▸ **Instructions for the task**
A faithful, picture-free copy of the listing below is required.

▸ **Dataset content**
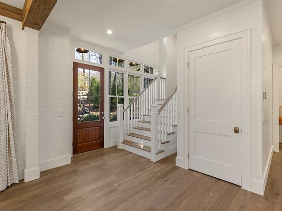 Modern farmhouse luxury is defined by this beautifully crafted 4 bedroom, 4.5 bath, Mountaintop Golf & Lake Club home. Tucked into a wooded setting with the gentle sound of Hurricane Creek nearby, the location is ideal: steps from the Athletic Club, yet privately situated so the home feels calm, inviting, and wonderfully retreat-like. Exterior details include classic, horizontal cedar siding, hand-laid stone, exposed rafter tails and tapered columns with a cedar shake roof that enhance its Craftsman character. The covered breezeway and expansive porches are constructed with sturdy timber posts and railings, offering seamless indoor-outdoor flow and convenient access to the spacious mudroom. Inside, the main level features an open layout centered around a standout kitchen with Wolf and SubZero appliances, custom cabinetry, Caesar Stone countertops, and a large center island. Just off the kitchen is the dining area, leading you to the living room. The living room’s stone fireplace (with gas logs) adds instant atmosphere, and large sliding glass doors open to the back deck for easy indoor/outdoor living. Nestled behind the fireplace is a gorgeous bar area with an exposed stone accent wall, prep sink, beverage fridge, SubZero ice maker, and cabinet storage space for entertaining. The main-level owner’s suite includes a spacious spa-style bath with vaulted ceilings and transom windows that let in copious amounts of light. The wet room is wrapped in marble tile where the shower and the large soaking tub are enclosed for functionality. Let’s not forget the primary closet with custom closets which are often hard to find in a second home. Upstairs, guests enjoy 3 private bedrooms, each with private bathrooms. These bedrooms are spacious and will accommodate a king-size bed with ease. The landing is surprisingly useful, too, with a built-in, two-seat office area and small breakfast bar with a beverage fridge and microwave. This home’s outdoor living areas truly shine. The side porch is grounded by a wood-burning stone fireplace, creating an inviting spot for year-round events. On the terraced side yard, the custom-built stone gas fire pit offers another place to settle in under the stars. At twilight, thoughtful exterior landscape lighting highlights the home’s architecture and stonework. For those who want an active, amenity-rich lifestyle with golf-cart access to all of Mountaintop’s offerings, this property delivers. Club membership is by invitation only.
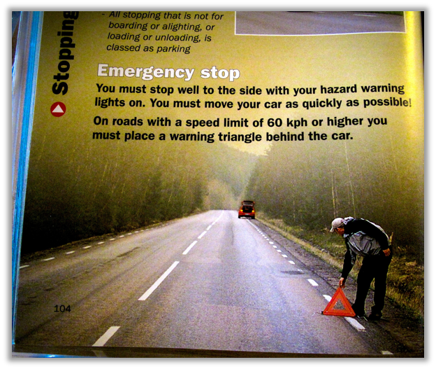 公路停车泊车是一样的道理,也是日常的一部分。停车的首要原则是,不要停在视线受阻的地方,这是一个换位思考的过程,更是一个预防的过程。如果你真的迫不得已,需要停在主路上,那怎么处理呢?书里也告诉你:请在后面放置好三角警示牌,告知来车——此处有车,请预防——这又是另外一个因地制宜的风险预防。
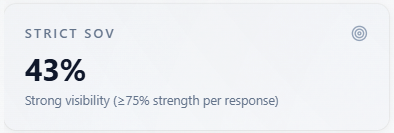 How to read it: this is stricter than Query Coverage (which only asks whether you count as mentioned). High Strict SOV means you do not only appear—you appear with strong modeled strength. Pair with Query Coverage: a large gap means many weak mentions.

▸ **Solved problem**
 Modern farmhouse luxury is defined by this beautifully crafted 4 bedroom, 4.5 bath, Mountaintop Golf & Lake Club home. Tucked into a wooded setting with the gentle sound of Hurricane Creek nearby, the location is ideal: steps from the Athletic Club, yet privately situated so the home feels calm, inviting, and wonderfully retreat-like. Exterior details include classic, horizontal cedar siding, hand-laid stone, exposed rafter tails and tapered columns with a cedar shake roof that enhance its Craftsman character. The covered breezeway and expansive porches are constructed with sturdy timber posts and railings, offering seamless indoor-outdoor flow and convenient access to the spacious mudroom. Inside, the main level features an open layout centered around a standout kitchen with Wolf and SubZero appliances, custom cabinetry, Caesar Stone countertops, and a large center island. Just off the kitchen is the dining area, leading you to the living room. The living room’s stone fireplace (with gas logs) adds instant atmosphere, and large sliding glass doors open to the back deck for easy indoor/outdoor living. Nestled behind the fireplace is a gorgeous bar area with an exposed stone accent wall, prep sink, beverage fridge, SubZero ice maker, and cabinet storage space for entertaining. The main-level owner’s suite includes a spacious spa-style bath with vaulted ceilings and transom windows that let in copious amounts of light. The wet room is wrapped in marble tile where the shower and the large soaking tub are enclosed for functionality. Let’s not forget the primary closet with custom closets which are often hard to find in a second home. Upstairs, guests enjoy 3 private bedrooms, each with private bathrooms. These bedrooms are spacious and will accommodate a king-size bed with ease. The landing is surprisingly useful, too, with a built-in, two-seat office area and small breakfast bar with a beverage fridge and microwave. This home’s outdoor living areas truly shine. The side porch is grounded by a wood-burning stone fireplace, creating an inviting spot for year-round events. On the terraced side yard, the custom-built stone gas fire pit offers another place to settle in under the stars. At twilight, thoughtful exterior landscape lighting highlights the home’s architecture and stonework. For those who want an active, amenity-rich lifestyle with golf-cart access to all of Mountaintop’s offerings, this property delivers. Club membership is by invitation only.
 公路停车泊车是一样的道理,也是日常的一部分。停车的首要原则是,不要停在视线受阻的地方,这是一个换位思考的过程,更是一个预防的过程。如果你真的迫不得已,需要停在主路上,那怎么处理呢?书里也告诉你:请在后面放置好三角警示牌,告知来车——此处有车,请预防——这又是另外一个因地制宜的风险预防。
 How to read it: this is stricter than Query Coverage (which only asks whether you count as mentioned). High Strict SOV means you do not only appear—you appear with strong modeled strength. Pair with Query Coverage: a large gap means many weak mentions.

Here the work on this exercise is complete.